Practical Considerations
- Interpretation of Sentiments: Sentiments are subjective, and the model's classification might not always align with human judgment. Users should consider the model's predictions as one of several tools for sentiment analysis.
- Updates and Maintenance: The model's performance may degrade as language usage evolves. Regular updates and retraining with new data can help maintain accuracy.
Training Details
Training Data
The dataset for fine-tuning the model was collected from three sources:
- Pigu.lt - 5993 reviews
- Atsiliepimai.lt - 3212 reviews
- Google Maps - 122795 reviews
The reviews were classified into five categories based on a 5-star rating system:
- 5 stars: Emotionally positive sentiment (Category 4)

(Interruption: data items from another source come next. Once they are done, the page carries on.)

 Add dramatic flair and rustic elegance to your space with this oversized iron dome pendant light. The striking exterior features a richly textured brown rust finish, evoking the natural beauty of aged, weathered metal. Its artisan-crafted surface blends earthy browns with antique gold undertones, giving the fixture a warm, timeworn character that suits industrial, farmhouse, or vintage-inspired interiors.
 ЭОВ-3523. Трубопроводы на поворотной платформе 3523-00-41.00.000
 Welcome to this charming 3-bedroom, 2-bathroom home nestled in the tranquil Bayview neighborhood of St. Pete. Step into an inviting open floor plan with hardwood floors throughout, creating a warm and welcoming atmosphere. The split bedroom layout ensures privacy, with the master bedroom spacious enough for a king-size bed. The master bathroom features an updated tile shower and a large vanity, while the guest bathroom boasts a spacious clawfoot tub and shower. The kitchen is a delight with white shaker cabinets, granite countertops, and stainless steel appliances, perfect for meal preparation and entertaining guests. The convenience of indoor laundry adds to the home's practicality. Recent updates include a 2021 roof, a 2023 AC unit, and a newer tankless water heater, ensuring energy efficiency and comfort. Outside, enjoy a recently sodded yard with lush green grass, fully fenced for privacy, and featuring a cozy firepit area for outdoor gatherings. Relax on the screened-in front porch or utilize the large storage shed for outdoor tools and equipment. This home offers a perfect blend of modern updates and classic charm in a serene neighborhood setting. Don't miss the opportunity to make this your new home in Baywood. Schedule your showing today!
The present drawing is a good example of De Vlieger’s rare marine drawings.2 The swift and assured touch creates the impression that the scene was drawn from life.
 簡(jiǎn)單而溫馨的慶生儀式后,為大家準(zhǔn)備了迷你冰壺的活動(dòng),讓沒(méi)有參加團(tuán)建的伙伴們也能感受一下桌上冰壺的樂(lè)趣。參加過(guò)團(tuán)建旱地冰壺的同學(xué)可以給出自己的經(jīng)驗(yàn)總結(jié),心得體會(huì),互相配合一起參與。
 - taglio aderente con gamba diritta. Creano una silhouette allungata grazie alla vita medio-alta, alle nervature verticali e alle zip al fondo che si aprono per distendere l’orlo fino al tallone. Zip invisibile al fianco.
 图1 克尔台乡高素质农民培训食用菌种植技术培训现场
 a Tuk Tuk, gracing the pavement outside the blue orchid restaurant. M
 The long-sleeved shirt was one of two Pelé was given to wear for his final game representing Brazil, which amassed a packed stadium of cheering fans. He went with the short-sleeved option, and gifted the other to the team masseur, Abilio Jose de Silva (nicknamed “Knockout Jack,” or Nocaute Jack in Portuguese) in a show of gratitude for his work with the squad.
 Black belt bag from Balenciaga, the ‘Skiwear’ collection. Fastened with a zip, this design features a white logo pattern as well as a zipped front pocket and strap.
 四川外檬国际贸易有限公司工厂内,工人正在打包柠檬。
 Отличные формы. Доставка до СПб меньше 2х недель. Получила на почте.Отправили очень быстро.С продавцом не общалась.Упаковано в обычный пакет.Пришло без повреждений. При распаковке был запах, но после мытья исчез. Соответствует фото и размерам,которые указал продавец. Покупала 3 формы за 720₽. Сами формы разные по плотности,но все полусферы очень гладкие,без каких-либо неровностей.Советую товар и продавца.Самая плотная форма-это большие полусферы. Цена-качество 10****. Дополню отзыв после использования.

- 4 stars: Rationally positive sentiment (Category 3)
- 3 stars: Neutral sentiment (Category 2)
- 2 stars: Rationally negative sentiment (Category 1)
- 1 star: Emotionally negative sentiment (Category 0)
Evaluation
Performance Metrics
Model | Accuracy | F1 Score Overall | F1 Scores by Category |
---|---|---|---|
DistilBERT | 0.6845 | 0.6751 | 0.7601, 0.3556, 0.4938, 0.4513, 0.8354 |
Results
The model's performance was evaluated using a confusion matrix and various metrics. The table below presents the results for all five sentiment categories:
True Category | Emotionally Negative | Rationally Negative | Neutral | Rationally Positive | Emotionally Positive |
---|---|---|---|---|---|
Emotionally Negative | 2135 (80.74%) | 248 (9.38%) | 197 (7.45%) | 82 (3.10%) | 83 (3.14%) |
Rationally Negative | 362 (26.32%) | 402 (29.20%) | 232 (16.85%) | 71 (5.15%) | 40 (2.91%) |
Neutral | 237 (12.76%) | 217 (11.69%) | 984 (53.00%) | 396 (21.31%) | 280 (15.08%) |
Rationally Positive | 48 (2.63%) | 32 (1.75%) | 299 (16.41%) | 1030 (56.51%) | 978 (53.60%) |
Emotionally Positive | 71 (1.14%) | 25 (0.40%) | 149 (2.37%) | 590 (9.39%) | 5645 (89.61%) |
The table below presents the results for three sentiment categories:
True Category | Negative | Neutral | Positive |
---|---|---|---|
Negative | 3147 (75.79%) | 429 (10.34%) | 276 (6.65%) |
Neutral | 454 (14.90%) | 984 (32.18%) | 676 (22.09%) |
Positive | 217 (2.98%) | 445 (6.11%) | 8243 (91.01%) |
Getting Started
Model Usage
To use the fine-tuned model for sentiment analysis, you can follow the steps below:
from transformers import pipeline, AutoModelForSequenceClassification, AutoTokenizer
# Load the fine-tuned model and tokenizer
model_output_dir = "brivil1/lithuanian-sentiment-analysis-ByT5"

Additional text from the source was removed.